:: DATA EXCERPT

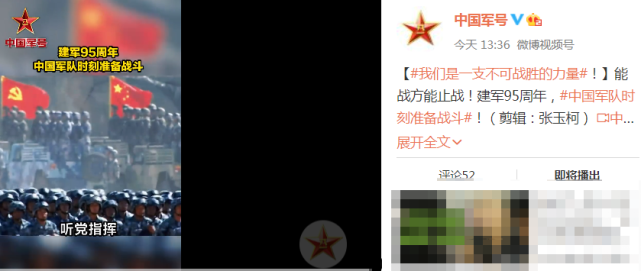 7月30日,“中国军号”播发短视频,标题为《建军95周年中国军队时刻准备战斗》。该视频微博配文称:“能战方能止战”,视频话题设置为“中国军队时刻准备战斗”。
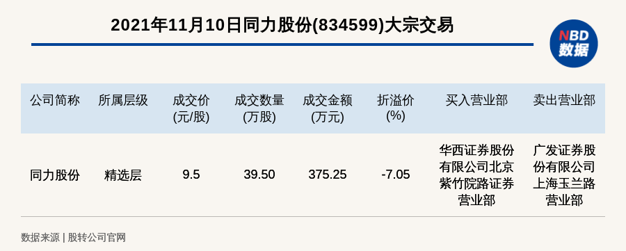 每经讯,2021年11月10日,新三板精选层公司同力股份(834599)发生一笔大宗交易,成交价9.5元/股,成交数量39.50万股,成交金额375.25万元,折价7.05%。买入营业部是华西证券股份有限公司北京紫竹院路证券营业部,卖出营业部是广发证券股份有限公司上海玉兰路营业部。
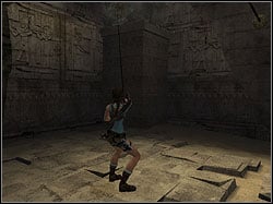![]() | Stand on the centre of the room, turn in the direction of square with the statue and band. Throw the line and grab the band. Twitch - the stone column will break do the same with the statue on the other side of the chamber. Jump to the stone block on the left and jump in the stone niche. |

::::

- **AIM OF THE TASK**:
Please repeat the listing above word for word, with the pictures removed.

- **RESPONSE FOR THIS EXERCISE**:
 7月30日,“中国军号”播发短视频,标题为《建军95周年中国军队时刻准备战斗》。该视频微博配文称:“能战方能止战”,视频话题设置为“中国军队时刻准备战斗”。
 每经讯,2021年11月10日,新三板精选层公司同力股份(834599)发生一笔大宗交易,成交价9.5元/股,成交数量39.50万股,成交金额375.25万元,折价7.05%。买入营业部是华西证券股份有限公司北京紫竹院路证券营业部,卖出营业部是广发证券股份有限公司上海玉兰路营业部。
![]() | Stand on the centre of the room, turn in the direction of square with the statue and band. Throw the line and grab the band. Twitch - the stone column will break do the same with the statue on the other side of the chamber. Jump to the stone block on the left and jump in the stone niche. |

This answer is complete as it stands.